**REQUIRED WORK:** Would you transcribe the listing exactly as it stands, minus any images?
---- SOURCE MATERIAL
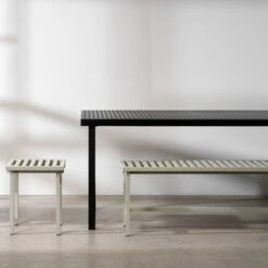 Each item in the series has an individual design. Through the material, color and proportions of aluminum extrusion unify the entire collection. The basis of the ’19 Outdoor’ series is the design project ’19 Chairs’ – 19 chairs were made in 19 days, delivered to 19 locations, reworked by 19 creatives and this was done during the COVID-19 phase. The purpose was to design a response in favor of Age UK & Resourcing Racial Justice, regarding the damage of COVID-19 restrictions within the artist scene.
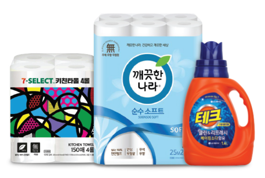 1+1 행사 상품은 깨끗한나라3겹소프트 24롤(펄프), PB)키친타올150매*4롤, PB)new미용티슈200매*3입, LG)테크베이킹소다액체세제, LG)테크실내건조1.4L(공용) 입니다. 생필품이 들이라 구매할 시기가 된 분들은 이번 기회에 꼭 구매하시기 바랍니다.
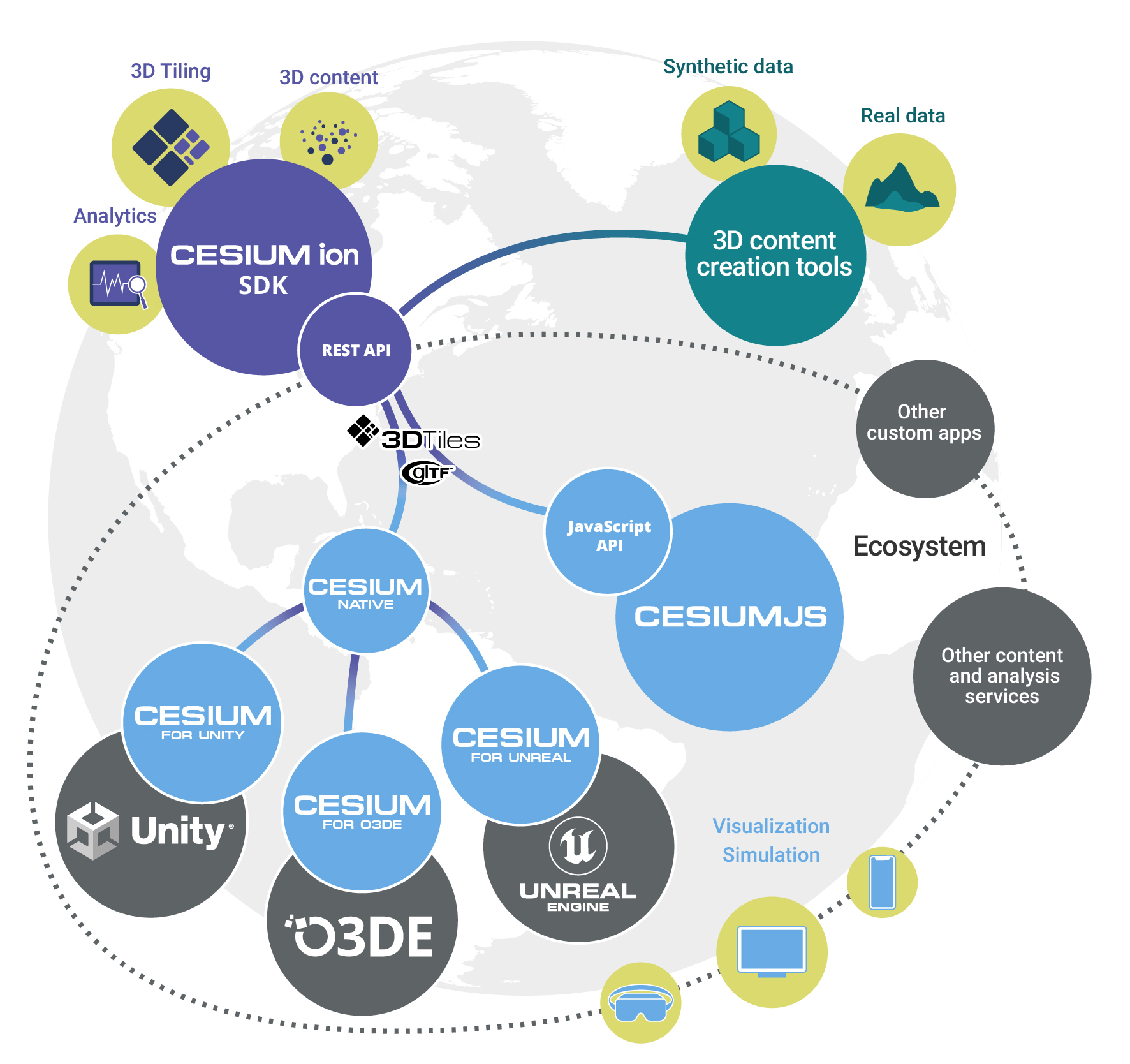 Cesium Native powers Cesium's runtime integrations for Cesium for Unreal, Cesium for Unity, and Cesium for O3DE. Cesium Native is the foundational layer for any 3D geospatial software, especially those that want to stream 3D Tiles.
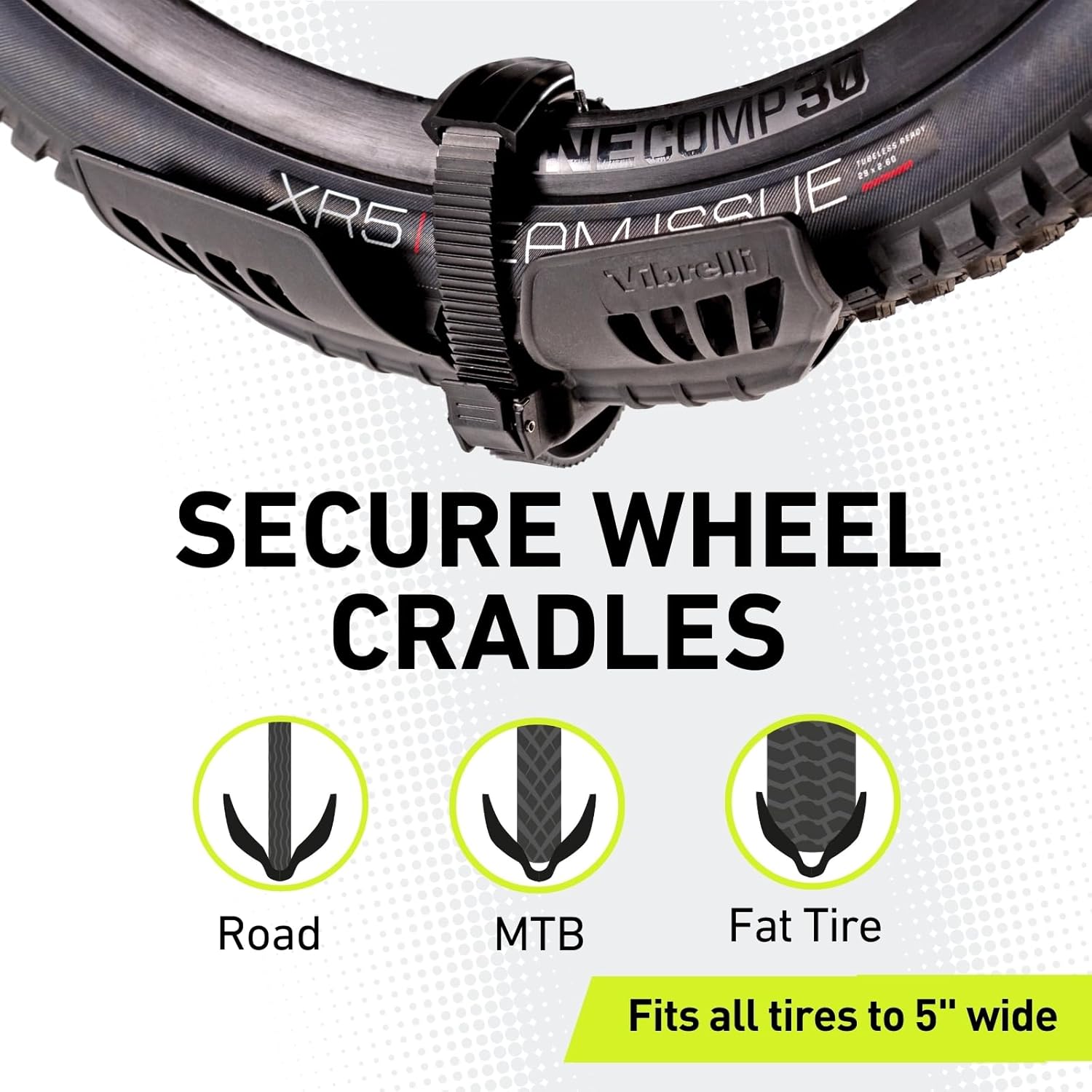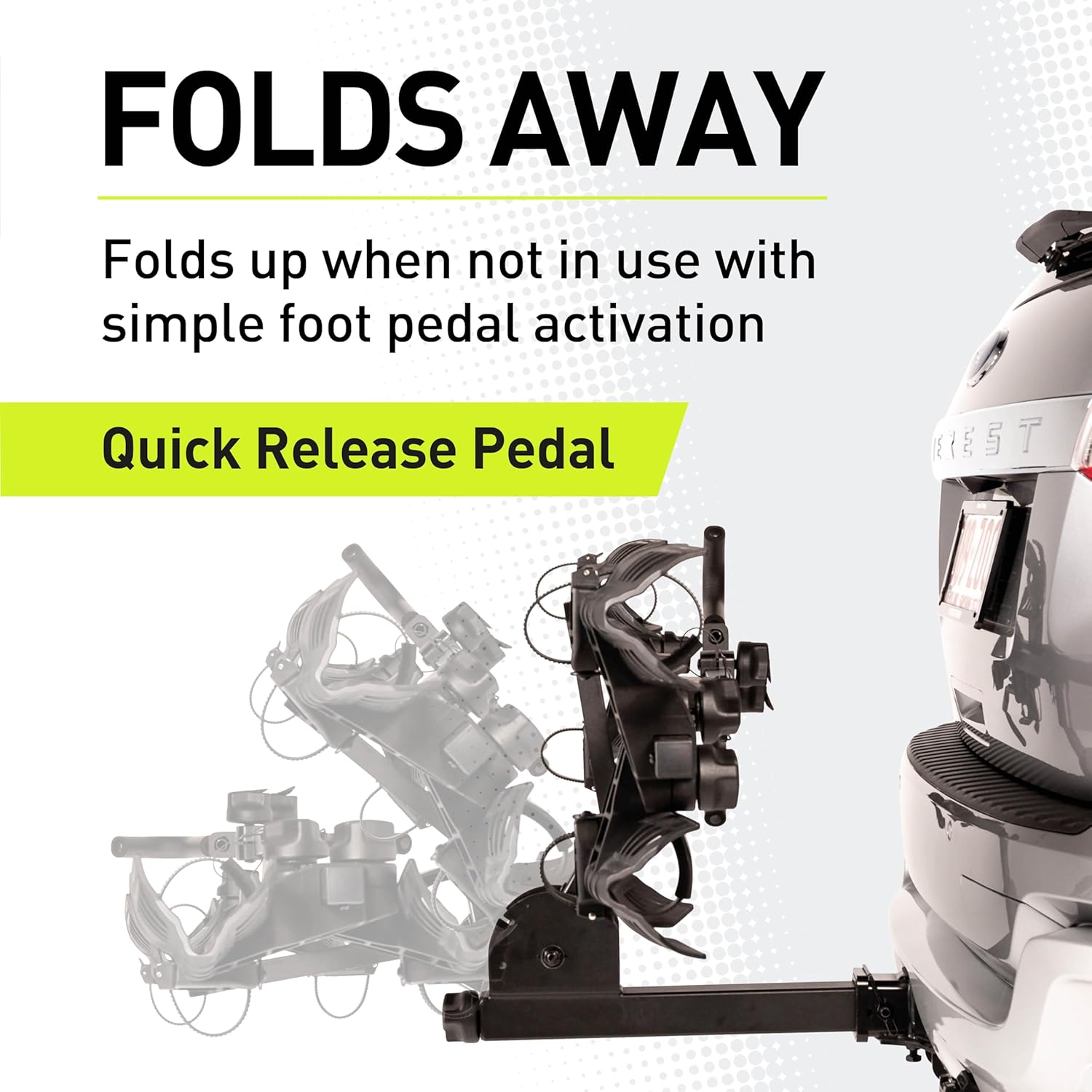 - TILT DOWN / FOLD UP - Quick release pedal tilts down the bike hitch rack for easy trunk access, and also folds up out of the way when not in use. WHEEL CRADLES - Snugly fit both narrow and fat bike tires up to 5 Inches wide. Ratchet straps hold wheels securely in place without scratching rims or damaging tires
--------
**ANSWER:**
 Each item in the series has an individual design. Through the material, color and proportions of aluminum extrusion unify the entire collection. The basis of the ’19 Outdoor’ series is the design project ’19 Chairs’ – 19 chairs were made in 19 days, delivered to 19 locations, reworked by 19 creatives and this was done during the COVID-19 phase. The purpose was to design a response in favor of Age UK & Resourcing Racial Justice, regarding the damage of COVID-19 restrictions within the artist scene.
 1+1 행사 상품은 깨끗한나라3겹소프트 24롤(펄프), PB)키친타올150매*4롤, PB)new미용티슈200매*3입, LG)테크베이킹소다액체세제, LG)테크실내건조1.4L(공용) 입니다. 생필품이 들이라 구매할 시기가 된 분들은 이번 기회에 꼭 구매하시기 바랍니다.
 Cesium Native powers Cesium's runtime integrations for Cesium for Unreal, Cesium for Unity, and Cesium for O3DE. Cesium Native is the foundational layer for any 3D geospatial software, especially those that want to stream 3D Tiles.
 - TILT DOWN / FOLD UP - Quick release pedal tilts down the bike hitch rack for easy trunk access, and also folds up out of the way when not in use. WHEEL CRADLES - Snugly fit both narrow and fat bike tires up to 5 Inches wide. Ratchet straps hold wheels securely in place without scratching rims or damaging tires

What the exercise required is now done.